▶ **What you have to do**
Return a copy of each line in the listing that includes the word "Figure".

▶ **Data in this exercise**
##############################

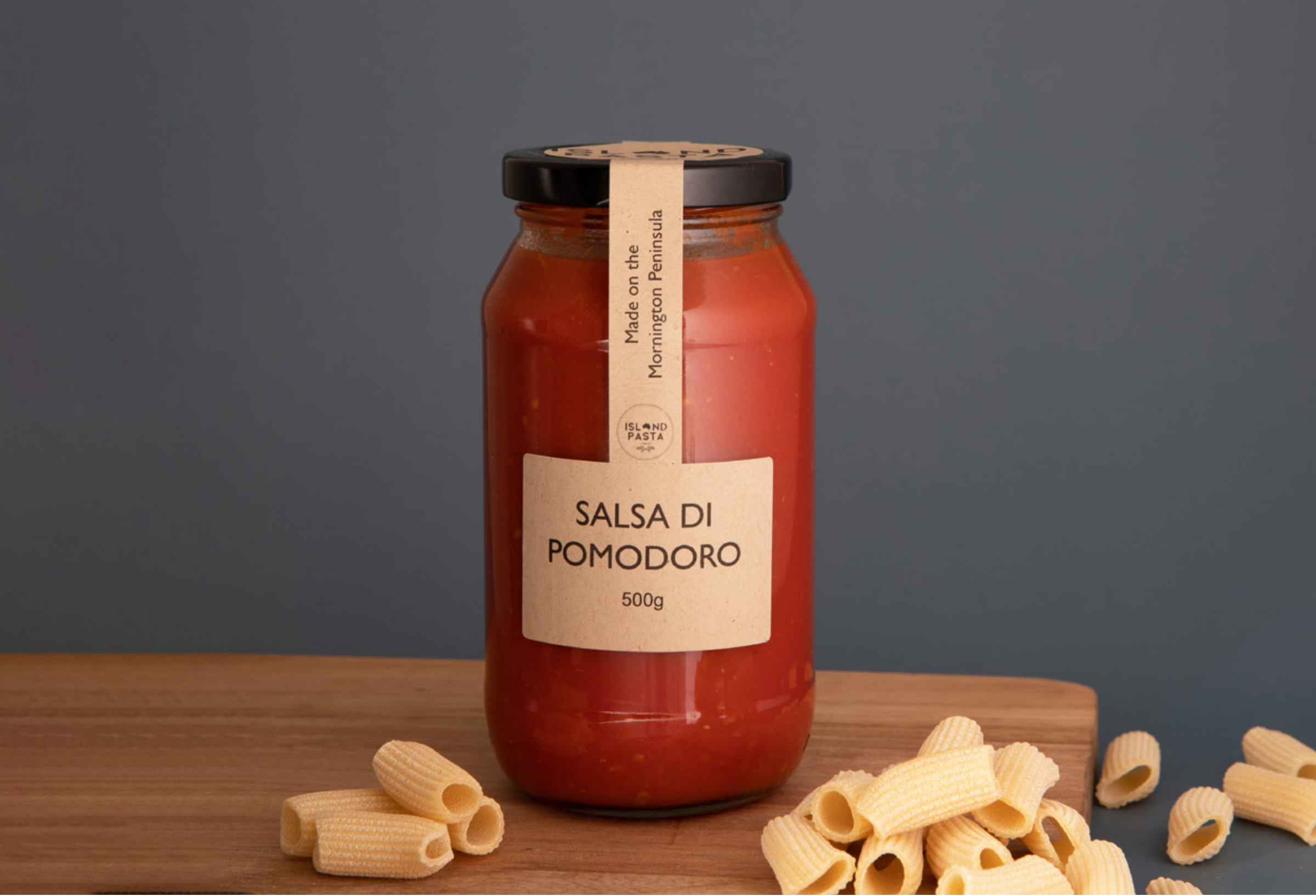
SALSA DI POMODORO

##############################

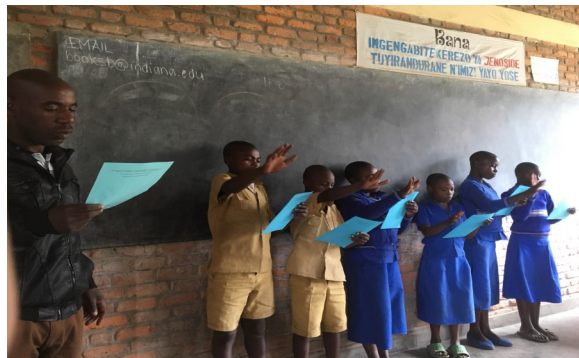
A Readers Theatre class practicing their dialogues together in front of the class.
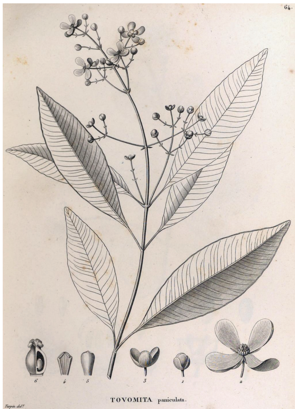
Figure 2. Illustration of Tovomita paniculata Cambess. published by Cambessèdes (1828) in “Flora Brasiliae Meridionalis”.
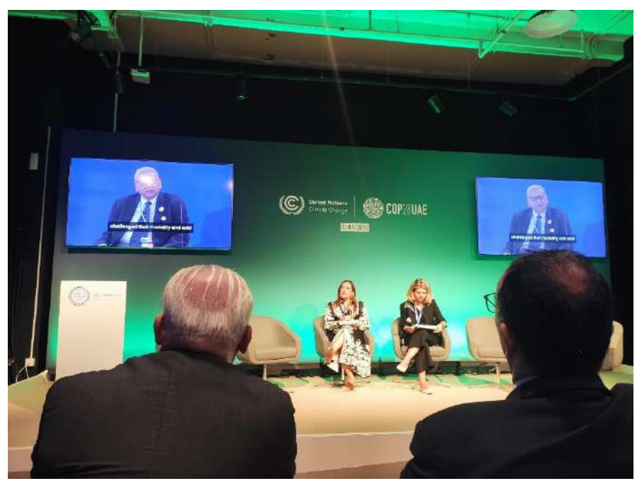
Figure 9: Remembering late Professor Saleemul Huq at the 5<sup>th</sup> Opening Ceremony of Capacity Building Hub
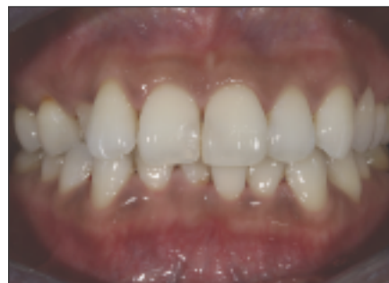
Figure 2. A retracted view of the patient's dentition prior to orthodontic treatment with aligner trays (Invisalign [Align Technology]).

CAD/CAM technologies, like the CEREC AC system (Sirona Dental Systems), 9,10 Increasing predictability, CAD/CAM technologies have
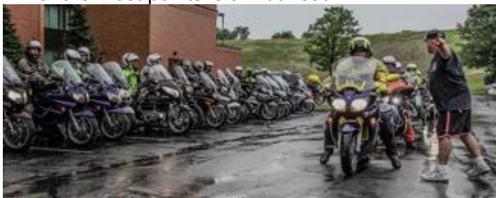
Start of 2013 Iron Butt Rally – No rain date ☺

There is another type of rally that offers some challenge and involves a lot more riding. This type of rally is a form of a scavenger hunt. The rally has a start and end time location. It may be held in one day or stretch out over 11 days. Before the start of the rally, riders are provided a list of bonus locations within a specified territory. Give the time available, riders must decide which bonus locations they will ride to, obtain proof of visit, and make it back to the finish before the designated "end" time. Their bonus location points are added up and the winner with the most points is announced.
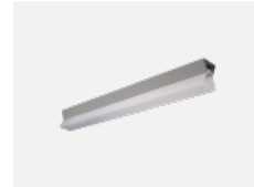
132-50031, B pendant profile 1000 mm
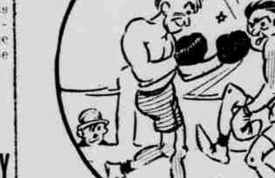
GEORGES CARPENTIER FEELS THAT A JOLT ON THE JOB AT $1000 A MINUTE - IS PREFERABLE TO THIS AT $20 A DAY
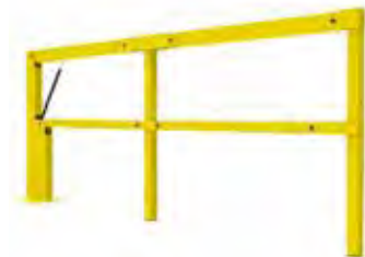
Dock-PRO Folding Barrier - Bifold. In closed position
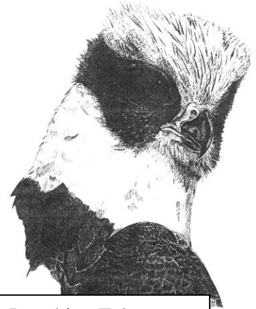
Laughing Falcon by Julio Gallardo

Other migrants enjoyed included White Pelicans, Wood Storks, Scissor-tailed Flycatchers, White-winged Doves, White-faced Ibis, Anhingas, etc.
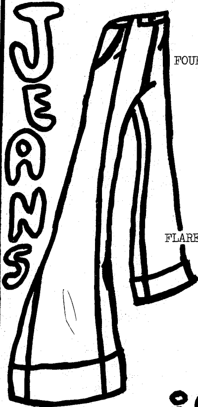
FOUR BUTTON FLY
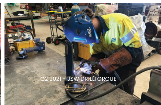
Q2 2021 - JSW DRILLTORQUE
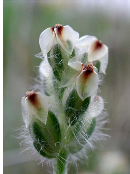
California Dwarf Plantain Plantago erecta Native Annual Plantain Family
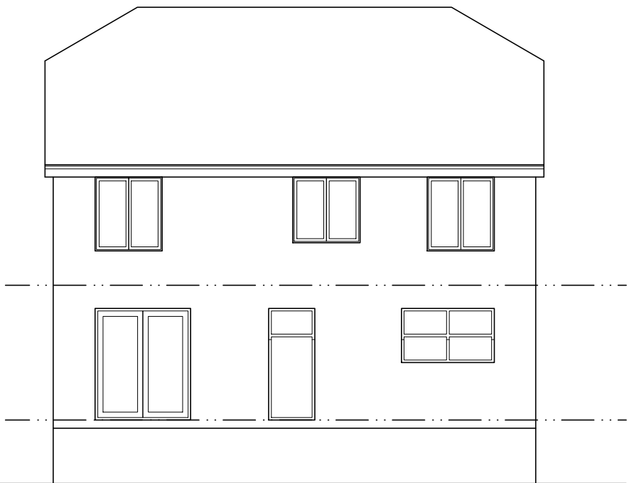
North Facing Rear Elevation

##############################

▶ **Output below**
Figure 2. Illustration of Tovomita paniculata Cambess. published by Cambessèdes (1828) in “Flora Brasiliae Meridionalis”.
Figure 9: Remembering late Professor Saleemul Huq at the 5<sup>th</sup> Opening Ceremony of Capacity Building Hub
Figure 2. A retracted view of the patient's dentition prior to orthodontic treatment with aligner trays (Invisalign [Align Technology]).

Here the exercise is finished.